By the beginning of the 2000s, nearly all the top names from Soviet science field were working outside of Russia. According to the Russian-Speaking Academic Science Association, there are around 100,000 Russian-speaking scientists and researchers working outside of the Russian Federation, including those who left Russia before and after the fall of the Soviet Union. The Russian Ministry of Education and Science puts the number closer to 25,000.

It has taken years for Russian Science to build itself back up. And that’s not for lack of very talented, highly educated young talent. It’s because the funding infrastructure that supported massive science investments during the Cold War imploded with the Soviet Union.
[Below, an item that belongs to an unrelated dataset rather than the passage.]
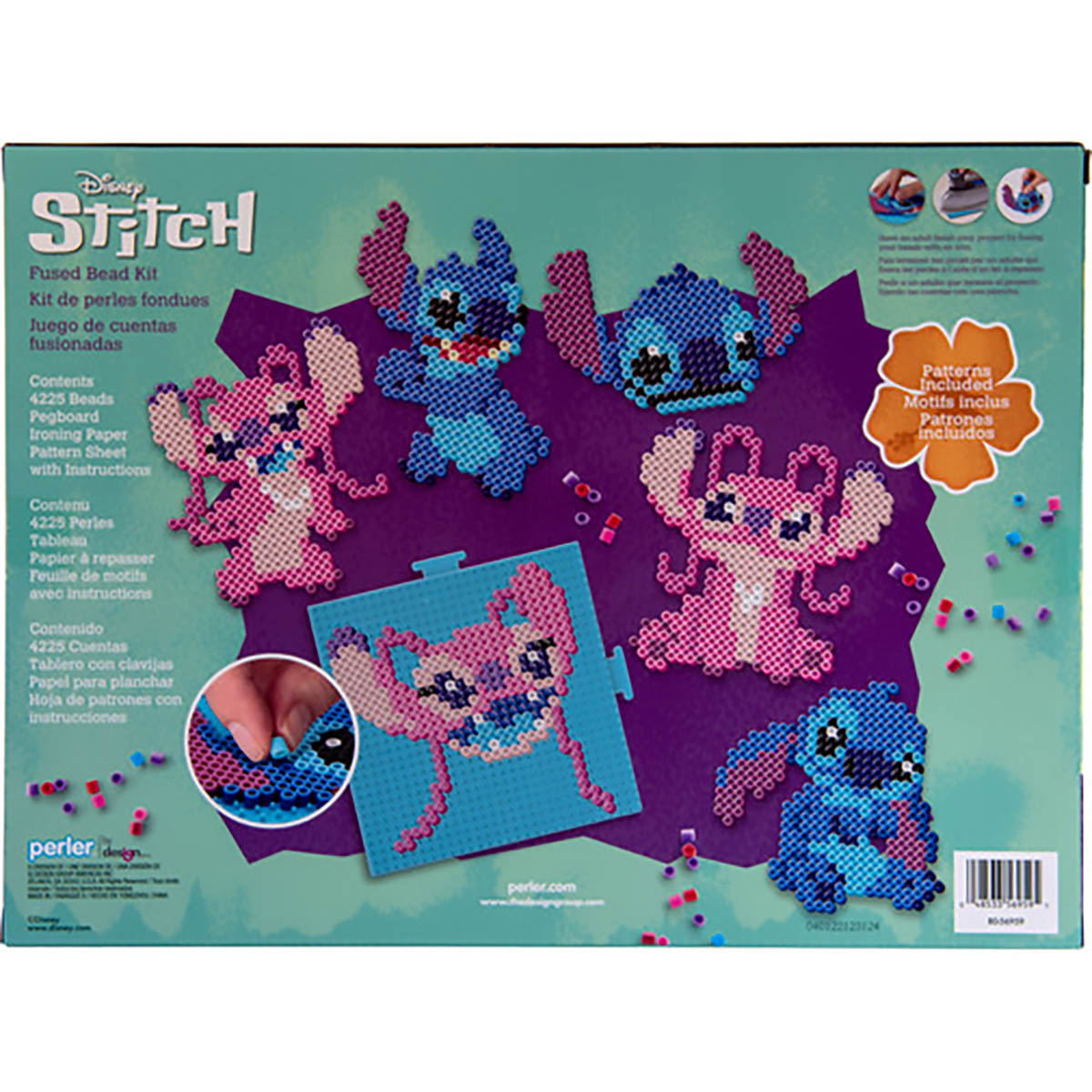 Use Perler fusible beads to create Disney's mischievous Stitch and Angel in various forms. Patterns included to make 10 projects in all! Perler beads are great for promoting fine motor skills, color recognition, and imaginative play. Designed for ages 6 and up. Kit contains 4225 beads, pegboard (large interlocking square), pattern sheet with instructions, and ironing paper. Pegboard and ironing paper are reusable. © Disney. www.disney.com

There is a lesson here for America. If the Fiscal Cliff implodes the funding structure for American science, that talent will also leave for better climes. When I was in Singapore two years ago, I was already seeing evidence that this could happen. Such a hollowing out of American science would be an unparalleled disaster.

Off to Woods Hole

When tomorrow arrives,  I’ll be driving up the East Coast in my annual trek to the Marine Biological Laboratory (MBL) on Cape Cod. Over the next week, as editor of The Biological Bulletin, I’ll be immersing myself in what surely seems to be the global summer nexus of life sciences–a place where I got off to my own start as a scientist some 35 years ago.

Krasnow Institute scientific life is incredibly enriched by the successive generations of MBL alumni who make up our faculty, postdocs and graduate students. The MBL experience is always life-changing, both in its ability to kindle a life-long exhilaration towards science, but also in teaching a love of basic science–understanding nature better for pure sake of increasing human knowledge.